I'm taking my car in on Thursday to swap out the winter tires and have a bit of maintenance done. It has been probably 8 or 9 months since I have last changed the oil so I was wondering if I should have it changed while I'm there. When I last had it changed I was instructed to have it changed again at either January 31, 2013 or 26,600km. I only have around 23,000km on the car right now and I only drive it a few km per day so it will be quite a while before I reach 26,600km. I searched around on Google to see whether it was more important to have oil changes after a certain amount of time intervals or after a certain amount of km but there doesn't seem to be a definite answer. If it makes any difference, I drive a 2009 Hyundai Accent.

So, how often do you change your car's oil? Do you try to do it every 6 months or so, or do you recommend doing it only after driving so many km?


----------



## none (Jan 15, 2013)

Changing your oil is cheap. You're relatively close so if it's more convenient to have it done now I would just do it.


----------



## newfoundlander61 (Feb 6, 2011)

Every 10,000 Km's. Usually works out to twice per year due to km's driven.


----------



## doctrine (Sep 30, 2011)

I would change your oil after 6 months regardless of the kilometers if you're driving it more than a few times per week, unless you're on synthetic in which case you could probably go a year. Most maintenance routines should say have a time and a km rating for each item and it's usually 4 months / 6000 km for standard oil. But 6 months is probably okay if you're only at 2-3k km.


----------



## 6811 (Jan 1, 2013)

Until this latest 2012 model year car, whose on-board computer tells me when to do it, I've changed the oil and filter every 5000 Km or in the Fall and Spring each year on all the cars I've owned since 1970. I have never had an engine failure, and have kept most of my cars (six not counting current) for over ten years.

BTW, changing the air filter (carburetor/injector) every couple of years (~25,000 Kms) really helps improve gas mileage.


----------



## Ihatetaxes (May 5, 2010)

My lovely German twin turbo mistress just had her first oil change after 12 months of blissful ownership. My last BMW got up to 25k between oil changes (and that vehicle was flawless over the four years I owned it).

It's amazing what 8 litres of fully synthetic oil can do these days. I have always followed the manufacturers suggested maintenance schedule and since I stopped buying domestic vehicles 15 or so years ago I have had several problem free cars.


----------



## Sampson (Apr 3, 2009)

How long do you want to keep the car running?

I stick to 12,000km or 5 months, which ever comes first. I run group III synthetic oil.

With short or infrequent trips, the engine does not warm sufficiently and you have incomplete combustion of fuel. This results in severe production of contaminants. This along with the normal 'dirt' from driving in Canada means you really should change more frequently to protect your engine and reduce abnormal wear.

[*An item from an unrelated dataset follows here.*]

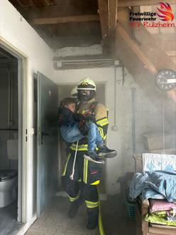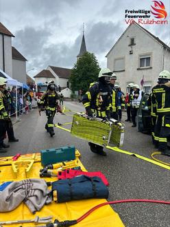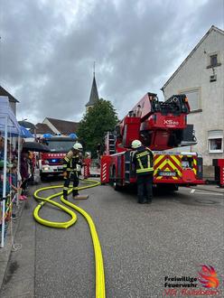 Nachdem die vermissten Enkel alle gefunden waren, wurde der Löschangriff im Gebäude durchgeführt. Eine Riegelstellung zum Nachbargebäude und der angrenzenden Scheunen wurde mit dem Wenderohr der Drehleiter sichergestellt. Zusätzlich erstellte die Drohne ein Lagebild, sodass der Einsatzleiter einen Gesamtüberblick der Einsatzstelle hatte. Das komplette Übungsszenario wurde unter realen Einsatzbedingen und Zeiten erfolgreich abgearbeitet. Unser Kamerad und Geburtstagskind Wolfgang Sinn moderierte die Übung, so erhielten über 60 Zuschauer und politische Vertreter unsere Verbandgemeinde einen Einblick in die einzelnen Arbeitsabläufe und ein besseres Verständnis. Wir möchten uns bei Edwin Götz und seiner Familie bedanken, dass er uns sein Anwesen für die Übung zur Verfügung stellte, weiterhin danken wir Hubert Seelinger, der die Beschallung übernahm, dem Autoservice Lenhard aus Lingenfeld für die regelmäßige Bereitstellung von Fahrzeugen, sowie der Einheit Kuhardt für die Vorbereitung der Übung und des anschließenden kameradschaftlichen Beisammenseins! Vielen Dank an die Bevölkerung, die trotz des Regens Interesse zeigte und unsere Übung anschaute!
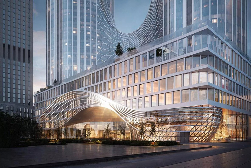 Описание. ЖК Aurus Residences – высотный премиальный комплекс на участке площадью 1,3 гектара в рамках проекта «Сити-2», названный в честь российской марки авто люкс-класса Aurus. Общая площадь ЖК с футуристическим силуэтом составит на 316,2 тыс. кв. м, в том числе 137,3 тыс. кв. м жилья. Это два жилых небоскреба на 83 и 96 этажей с общим шестиэтажным стилобатом и подземной частью. Фасады оформят модульными алюминиевыми кассетами, стилобат облицуют камнем, а волнообразные детали – алюминиевыми профилями.

The only way to tell if your oil change frequency is high enough is to analyze the metals (from the engine) that are released during use. Not everyone needs to do this, but the safer bet is to change frequently. You don't even need to run synthetic oil if you change it out often.

If you learn how to do it yourself, you can save hundreds and hundreds over a few years.


----------



## Greenback (Mar 16, 2013)

I'm running Redline synthetic and I just changed out only the filter at about 5000Km, and topped it off.
That's another option when running synthetic, but conventional oil should probably be changed out by 5000km.


----------



## lonewolf (Jun 12, 2012)

I have always gone by the owners manual for when to change oil & for the specs needed. I used the cheapest recycled oil that met the manufactures specifications, the engine still ran like a top 21 years latter but body was rusted out.


----------



## lonewolf (Jun 12, 2012)

BTW, changing the air filter (carburetor/injector) every couple of years (~25,00 Kms) really helps improve gas mileage.[/QUOTE]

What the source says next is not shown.